Les Bettinson

Personal information
- Full name: Leslie James Bettinson
- Born: 1934 or 1935 Millom, Cumberland, England
- Died: 9 September 2021 (aged 86)

Playing information
- Position: Fullback, Centre
Club
| Years | Team | Pld | T | G | FG | P |
| 1957–69 | Salford | 319 | 75 | 10 |  | 245 |
Representative
| Years | Team | Pld | T | G | FG | P |
| 1957–67 | Cumberland | 7 |  | 0 | 0 | 21 |

Coaching information
Club
| Years | Team | Gms | W | D | L | W% |
| 1973–77 | Salford |  |  |  |  |  |
- Source:

= Les Bettinson =

English RL coach and former rugby league footballer (c.1935–2021)

Leslie James Bettinson (c. 1935 – 10 September 2021) was an English professional rugby league footballer, coach and administrator.

Bettinson was born in Millom, Cumberland and declined to sign a contract with Workington Town as a teenager. Five years later, after national service and teacher training, Bettinson was offered a contract by Salford and made his debut against Batley the same day he signed his contract - 9 March 1957. He played 319 games for Salford between 1957 and 1969 including a period as captain. Bettinson appeared for the Cumberland county side on seven occasions between 1957 and 1967 during which Cumberland won the County Championship twice.
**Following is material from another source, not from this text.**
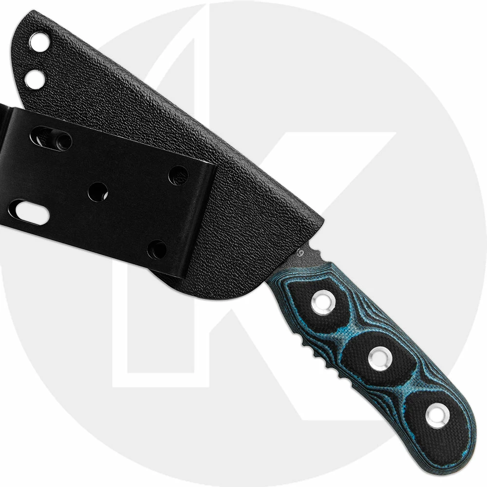 The BLUOT-01 TOPS Blue Otter Knife is a sleek little EDC that features a 3.50 inch drop point fixed blade made of 1095 steel, .190 inch thick, with a Rockwell hardness of 56-58. The blade has a 2.88 inch cutting edge, non reflective Tactical Grey finish, and notched thumb ramp for secure grip. The Blue Otter Knife has full tang construction for strength and ergonomic blue / black G10 for comfort. A black Kydex sheath with rotating spring steel clip is included. The TOPS Knives Blue Otter has an overall length of 6.25 inches, and it weighs 4 ounces; 5.4 ounces with the sheath. Made in the USA.

After retiring from playing he became the club's assistant coach, later becoming head coach; a post he held between 1973 and 1977. Under his leadership Salford won two championships (1973–74 and 1975–76) and won the BBC2 Floodlit Trophy in 1975–76. After his resignation he joined the board of directors of Salford and remained on the board until 1991.

He would later be team manager for Great Britain during the 1988 tour to Australasia and would publish a book In the Lions' Den: The Rebirth of Great Britain in Rugby League. He was the inaugural President of the Rugby Football League (RFL), and has been chair of the coaching committee.

On 11 September 2021, it was confirmed by the Salford Red Devils club that Bettinson had died aged 86.